2.: Image filtering. Multitemporal speckle filtering [13] of the stacks (VV and VH) with the radiometrically calibrated SAR products. The yearly stacks were separated by polarization to keep them independent of one another. Also, this process required the prior removal of distorted images that otherwise would affect the averaging operations of the filter and the georeferencing. The product of this stage is a new stack with the VV and VH filtered bands from the last available date. The filtering was performed with the built-in Lee Sigma filter in SNAP 8.0 (based on the protocol in [40] with tool parameters: number of looks = 1, window size = 7 × 7, sigma = 0.9, target window size = 3 × 3).
3.: Masking. Masking the region of interest (ROI) of the study with a shapefile of the study area. As one last step, a VH/VV band is added, which is used during segmentation later.
4.: Feature extraction. Additional features calculated to feed to the classifiers: (a) edges, (b) intensity, (c) oversegmentation or superpixels, (d) texture.

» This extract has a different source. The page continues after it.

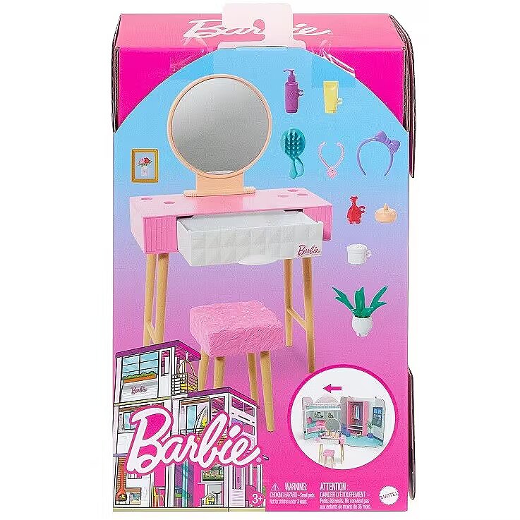 LongSummaryDescription - Barbie House Decor Set with Vanity. Product type: Doll furniture set, Recommended age (min): 3 yr(s)

3.2.2. Optical Data Workflow

The optical data were preprocessed using the tutorial for Sentinel-2 Cloud Masking from the Earth Engine Community contributors team using the Google Earth Engine API in Python based on [41]. This tutorial uses the s2cloudless collection to identify clouds, while shadows are located at the cloud projection intersection where there is low reflectance of near-infrared pixels from a Sentinel-2 collection.

Their proposed algorithm was originally set to use data from the BOA collection (Level-2A); however, this collection did not have images of the study site for this work’s entire timeframe of interest. Therefore, the collection was changed so that the masked Sentinel-2 products in this work corresponded to the TOA collection (Level-1C). However, it must be taken into account that for the calculation of the vegetation indices in case of an algorithm of change detection with analysis of the time series of images, or in general for the purpose of directly comparing two multispectral images, the BOA products should be used. Table 3 shows the set of parameters used during cloud removal.

The algorithm removes the computed clouds and their shadows for the products within the specified data period. Then, the resulting product is the combination of valid pixels across the time frame. The minimum pixel value across dates was used to fill the new image for this study, a choice that removed saturated pixels and satellite preprocessing errors that gave high intensities and could result in segmentation errors. Yet, after this procedure, the final Sentinel-2 products still had missing pixels because some regions of the study site were never free of clouds/cloud shadows.

The results are saved to Google Drive and downloaded as individual tiles. The preprocessing is then finished in three stages using SNAP 8.0, as shown in Figure 8, to obtain a set of four vegetation indices (see Table 4 for definitions from [42]). These vegetation indices have been used in other works for vegetation and forest biophysical parameter estimations [5,28,43,44]. The description of each step is also presented below.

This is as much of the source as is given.